Former president A P J Abdul Kalam
Former president A P J Abdul Kalam could play a role in resolving the standoff over the Kudankulam nuclear plant with the respected scientist's goodwill and credibility expected to bridge the trust deficit between the government and agitating fisherfolk.

The former president, a strong advocate of nuclear energy, might be well placed to ease tensions over the Russian-built Kudankulam plant as he is familiar with the fishing communities in the area where the reactors are located. His family is understood to have had business links with the fishermen.

Kalam has already said that he plans a survey of coastal nuclear installations and his intervention with the Christian fishing community that has opposed the plant could narrow differences and indentify areas of concern and solutions.

Although he has spoken in favour of the Kudankulam plant, which is now near completion, Kalam's interaction with local agitators can bring in a linguistic and regional connect that a team of technologists and scientists may not be able to establish. The church has backed the stir saying the area is vulnerable to quakes.

But apart from the environmental arguments, there is uncertainty about the social and economic changes the 10,000MW nuclear power plant may engender in the area. While the government says it means more jobs for locals, there is worry over whether traditional social patterns will be disrupted.

Kalam's personal credibility could bring the two sides together and help develop guarantees or assurances that the fishermen and their families find convincing. Safety and security of livelihood and worries over whether the plant could go the Fukushima way in the event of a natural calamity are troubling the community.
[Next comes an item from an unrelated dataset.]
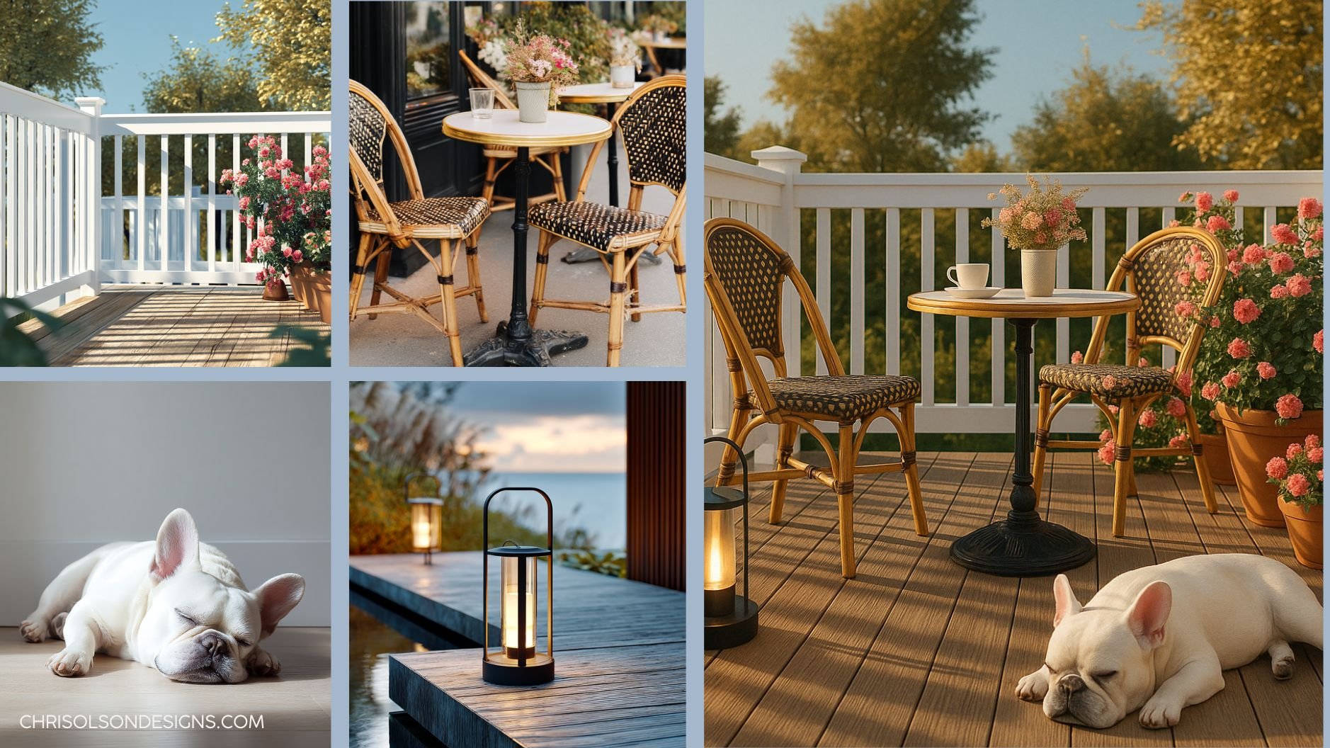 Four reference images used for creating a suburban deck scene using ChatGPT.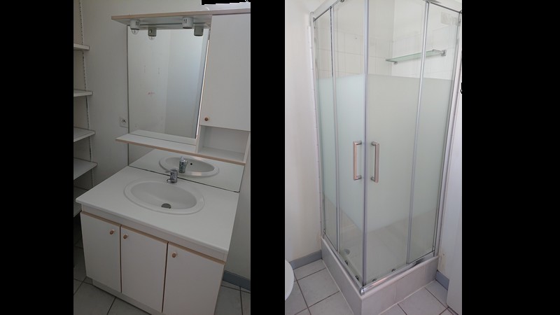 Salle d'eau avec douche, wc, meuble et étagères (4 m2)

On its part, the government seems determined to negotiate its way out of the deadlock and is looking to engage a church convention in Trichy this week. The Centre is pulling out all stops to ensure the deadlock ends peacefully. It is even exploring if a team of scientists could interact with church leaders to explain that the power plant will be a benign presence in the Tirunelveli area.

After an apparent miscommunication between the Centre and state government over a letter written by Prime Minister Manmohan Singh to chief minister J Jayalalithaa, the state is being kept in the loop at every step. Senior figures from the Department of Atomic Energy might meet Jayalalithaa soon to brief her on efforts to soothe local sentiments and the plant's safety features.